Directed by Henry Selick
Starring Dakota Fanning, Teri Hatcher, Jennifer Saunders, and Dawn French
101 minutes
Review by Scott Johnson
There is little question that Coraline is a visual feast, using an innovative animation technique and shown in 3-D where available. It will likely be remembered for some time--and rightly so--for the cinematography which takes the movie quite far and for many viewers will be more than enough to satisfy them. There are also great moments of charm and atmosphere that really show the potential of the film which is somewhat more lacking in its story.
The movie begins with Coraline and her parents moving into a creepy old house. There are a number of interesting neighbors and mysteries that Coraline spends the entire first half of the movie discovering. The most peculiar of these is a door in the house that takes her to a parallel world where her parents are much nicer than her "other" parents but also have buttons for eyes. This other world will eventually portray its darker secret which becomes the thrust of the story itself.
While all of this is very attractively and inventively animated, too often--especially in the first half--we are left watching Coraline being entertained by the events around her rather than being entertained ourselves. As much as the visuals are a great achievement, I think there is both a lack of real wonder and a lack of terror in this movie even though it is really about wonder and terror. Not that either of these are missing entirely--there are some fine moments, especially the terror as Coraline discovers the drawbacks of the new world she has found. And there are certainly a few moments that will be too scary for younger children--I brought a 6-year-old who stayed through the entire movie but was definitely pushed to her limit, and I know another person who had the same experience with a similarly aged child
The movie doesn't need to be scarier but really could benefit from being creepier. Drawing out the horror that Coraline eventually finds would be one part of this--actually lingering over the what makes her discovery so frightening rather than discuss it in one scene and then follow with some other scary moments. There is some dark humor in Coraline--especially around one the neighbors' collection of stuffed dogs--but not nearly as much as it could have delivered.
It is hard to explain this without giving away the plot, but consider other films that have succeeded or failed in the same way. The Golden Compass, for example, holds a secret about what the adults plan to do to the children in the movie, but again does far too little to linger over the real creepiness at play--although I thought the movie was entertaining in other ways. On the other hand, the original Charlie and the Chocolate Factory succeeds exactly where these two fall short. Remember how Willie Wonka feigns concern over these awful children but clearly delights in watching them get their just desserts, so to speak. The dark and malicious humor in many of his lines--"The suspense is terrible . . . I hope it'll last!"--are what give us a stake in not only appreciating the scenery but in wanting to know how this morality tale will play out--and enjoying every moment of well-deserved suffering by the children.

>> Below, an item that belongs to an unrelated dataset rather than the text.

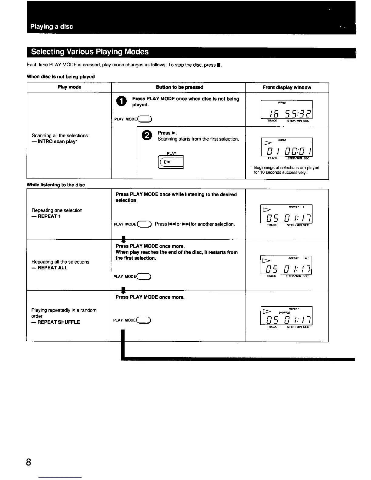 Sony CFD-440 - Disc Playback Modes; Intro Scan and Repeat Play Modes; Shuffle Playback Mode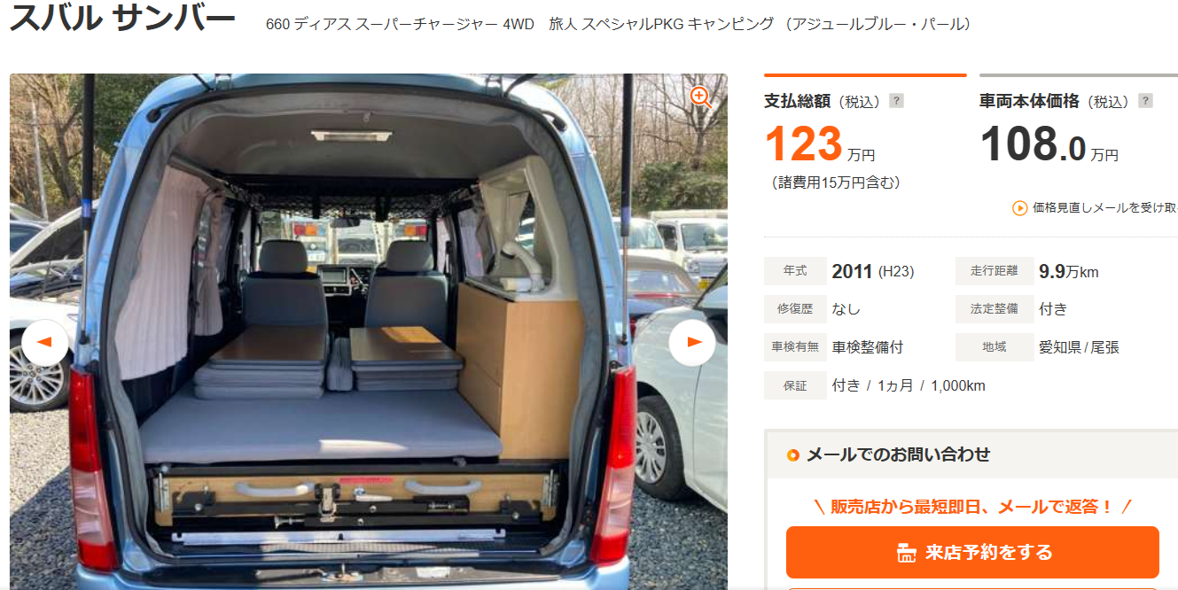 - 主要装備:キャンピング架装「旅人」仕様、寝ベッドキット、折りたたみテーブル、リアゲートテント、ミニシンクなど

Roger Ebert in his review says that Coraline "is not a nice little girl. She's unpleasant, complains, has an attitude and makes friends reluctantly." Actually, I think her biggest problem is that she has parents who don't really pay any attention to her. I would have found her more interesting had she been a bit more of a thankless brat who was seduced by the "other" world because she didn't appreciate the real world enough. I don't so much care about whatever lesson may or may not be learned, but I think this would have been more effective at creating the sort of tension that Coraline is attempting. It is much more fun when we the audience get to be Willie Wonka, devilishly looking on the guilty as they struggle with their little moral dilemmas and can only hope to claw their way back to humanity. Hitchcock understood this, and so did the Ancient Greeks--although unlike Hitch, they were much less open to allowing their heroes to find redemption and a happy ending.
Instead, the first half of the film is surprisingly slow and unnecessarily long. I saw the movie opening weekend at the only screen showing it in 3-D in San Francisco with an audience largely of adults--likely people who were looking for a unique movie-going experience. In some ways, they found it--the film really is a visual treasure and that for many people will be enough to make it worth viewing. I was surprised, though, by how quiet the audience was throughout most of the movie.